▸ DATA SECTION
╔══
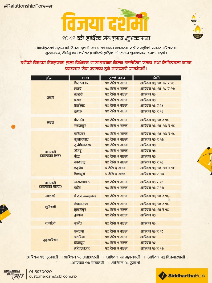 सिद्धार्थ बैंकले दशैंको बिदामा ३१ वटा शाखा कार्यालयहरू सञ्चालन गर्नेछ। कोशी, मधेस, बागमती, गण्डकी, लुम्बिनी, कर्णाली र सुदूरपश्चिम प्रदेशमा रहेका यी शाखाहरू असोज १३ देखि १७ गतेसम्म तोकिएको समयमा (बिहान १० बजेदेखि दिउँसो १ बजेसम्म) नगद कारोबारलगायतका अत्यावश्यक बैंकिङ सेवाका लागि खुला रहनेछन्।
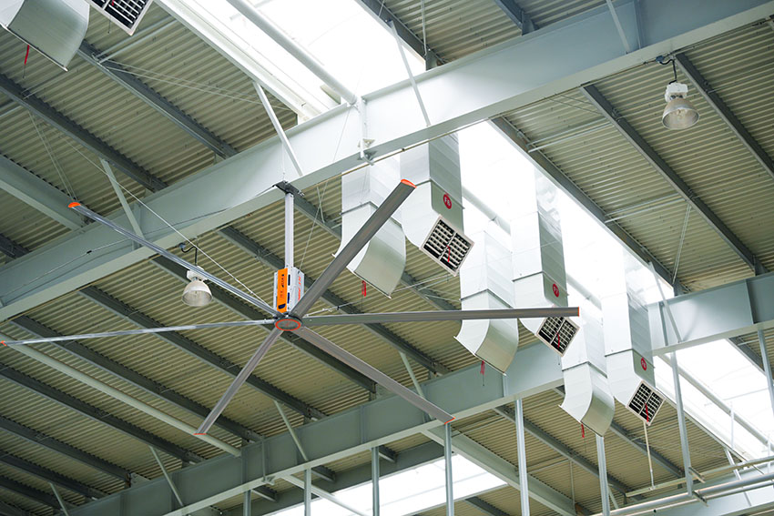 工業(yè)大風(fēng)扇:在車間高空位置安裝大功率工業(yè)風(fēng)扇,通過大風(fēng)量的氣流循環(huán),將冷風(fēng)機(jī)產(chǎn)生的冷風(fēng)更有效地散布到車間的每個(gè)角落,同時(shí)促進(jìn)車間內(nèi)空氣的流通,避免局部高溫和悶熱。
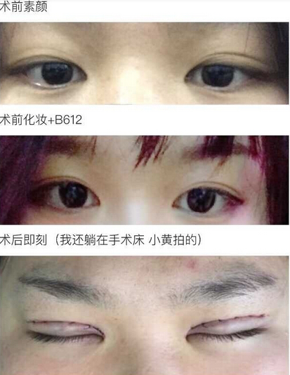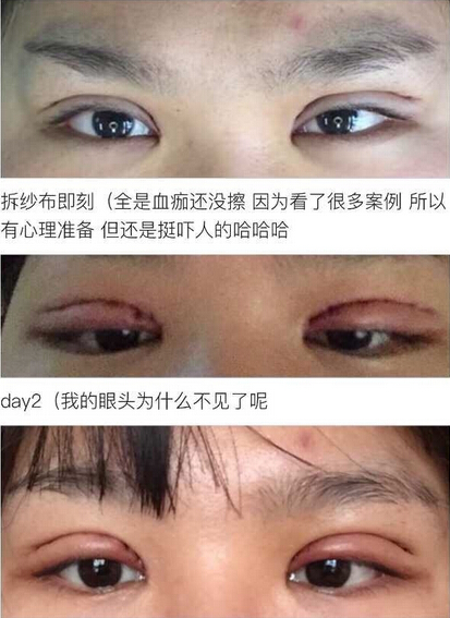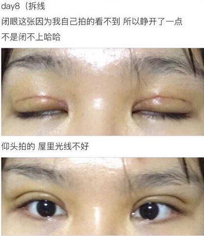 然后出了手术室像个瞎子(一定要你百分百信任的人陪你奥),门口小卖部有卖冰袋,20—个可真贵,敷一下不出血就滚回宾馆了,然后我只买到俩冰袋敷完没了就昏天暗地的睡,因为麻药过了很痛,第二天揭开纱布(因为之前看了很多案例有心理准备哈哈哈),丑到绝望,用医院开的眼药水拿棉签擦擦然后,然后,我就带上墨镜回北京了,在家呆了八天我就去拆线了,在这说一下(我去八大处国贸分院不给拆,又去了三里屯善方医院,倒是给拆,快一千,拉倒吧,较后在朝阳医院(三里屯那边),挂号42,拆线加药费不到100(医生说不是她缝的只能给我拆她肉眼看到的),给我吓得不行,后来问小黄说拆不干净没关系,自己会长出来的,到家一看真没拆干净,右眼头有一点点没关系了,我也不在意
╚══
▸ WHAT THIS TASK INVOLVES
Once the pictures are set aside, please reproduce the remaining material word for word.

▸ RESULT FOR THIS EXERCISE
 सिद्धार्थ बैंकले दशैंको बिदामा ३१ वटा शाखा कार्यालयहरू सञ्चालन गर्नेछ। कोशी, मधेस, बागमती, गण्डकी, लुम्बिनी, कर्णाली र सुदूरपश्चिम प्रदेशमा रहेका यी शाखाहरू असोज १३ देखि १७ गतेसम्म तोकिएको समयमा (बिहान १० बजेदेखि दिउँसो १ बजेसम्म) नगद कारोबारलगायतका अत्यावश्यक बैंकिङ सेवाका लागि खुला रहनेछन्।
 工業(yè)大風(fēng)扇:在車間高空位置安裝大功率工業(yè)風(fēng)扇,通過大風(fēng)量的氣流循環(huán),將冷風(fēng)機(jī)產(chǎn)生的冷風(fēng)更有效地散布到車間的每個(gè)角落,同時(shí)促進(jìn)車間內(nèi)空氣的流通,避免局部高溫和悶熱。
 然后出了手术室像个瞎子(一定要你百分百信任的人陪你奥),门口小卖部有卖冰袋,20—个可真贵,敷一下不出血就滚回宾馆了,然后我只买到俩冰袋敷完没了就昏天暗地的睡,因为麻药过了很痛,第二天揭开纱布(因为之前看了很多案例有心理准备哈哈哈),丑到绝望,用医院开的眼药水拿棉签擦擦然后,然后,我就带上墨镜回北京了,在家呆了八天我就去拆线了,在这说一下(我去八大处国贸分院不给拆,又去了三里屯善方医院,倒是给拆,快一千,拉倒吧,较后在朝阳医院(三里屯那边),挂号42,拆线加药费不到100(医生说不是她缝的只能给我拆她肉眼看到的),给我吓得不行,后来问小黄说拆不干净没关系,自己会长出来的,到家一看真没拆干净,右眼头有一点点没关系了,我也不在意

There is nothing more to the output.